Una raffica di ricorsi – presentati da Procura e opposizione – sono riusciti, successivamente, a portare il caso di fronte alla Corte suprema. Che, dopo 5 anni di discussioni, ne ha confermato la legittimità. Nel frattempo, al Palazzo di governo di Planalto, c’è stato il cambio della guardia tra Rousseff – sottoposta a impeachment nel 2016 – e Michel Temer, da sempre vicino ai proprietari terrieri. Non a caso, l’attuale leader ha più volte difeso il nuovo codice. Quello precedente, del 1965 – approvato durante la dittatura, non proprio attenta alla difesa dell’ambiente – imponeva ai proprietari agricoli di preservare il territorio, lasciando incolta una quota tra il 20 e l’80 per cento della superficie posseduta. Ora tale vincolo è stato “allentato”: la quantità di terra non coltivata è stata fissata a 290mila chilometri quadrati.

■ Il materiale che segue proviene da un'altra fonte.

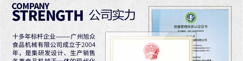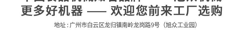 廣州旭眾食品機械有限公司是一家集科研開發,生產設計,營銷服務為一體的現代化生產企業。現代化生產車間,精湛制造技術,所產機械歷經市場重重考驗,不斷贏得海內外客戶的贊譽。

Vengono cancellate, inoltre, le multe per chi ha disboscato in Amazzonia, prima del 2008. La cifra condonata, secondo una recente inchiesta del quotidiano Folha de São Paulo, ammonterebbe a più di due miliardi di euro. La lobby latifondista sostiene che la maggior flessibilità favorirà la crescita del settore agricolo, uno dei pilastri dell’economia brasiliana. Gli ambientalisti, però, sono insorti. «Siamo molto preoccupati», spiega ad Avvenire Cleber Buzatto, segretario esecutivo del Consiglio indigenista missionario (Cimi), organismo legato alla Conferenza episcopale brasiliana. Questa legge «sta già avendo un impatto terribile sia sulla foresta sia sui popoli che la abitano », aggiunge. Secondo l’Istituto dell’uomo e dell’ambiente dell’Amazzonia, dal 2012 – anno in cui ha raggiunto uno dei minimi storici – la deforestazione è cresciuta del 75%. Con quasi 8mila chilometri quadrati di foresta distrutti tra l’agosto 2015 e il luglio 2016.

Al contempo, si è fatta più intensa la violenza contro i popoli indigeni, come rivela l’ultimo rapporto del Cimi: nel 2016, ogni tre giorni, è stato assassinato un nativo. «L’amnistia, ribadita dalla Corte, assicura l’impunità a chi viola le norme ambientali. E incentiverà i latifondisti ad incrementare la pressione per espandere le coltivazioni», conclude Buzatto.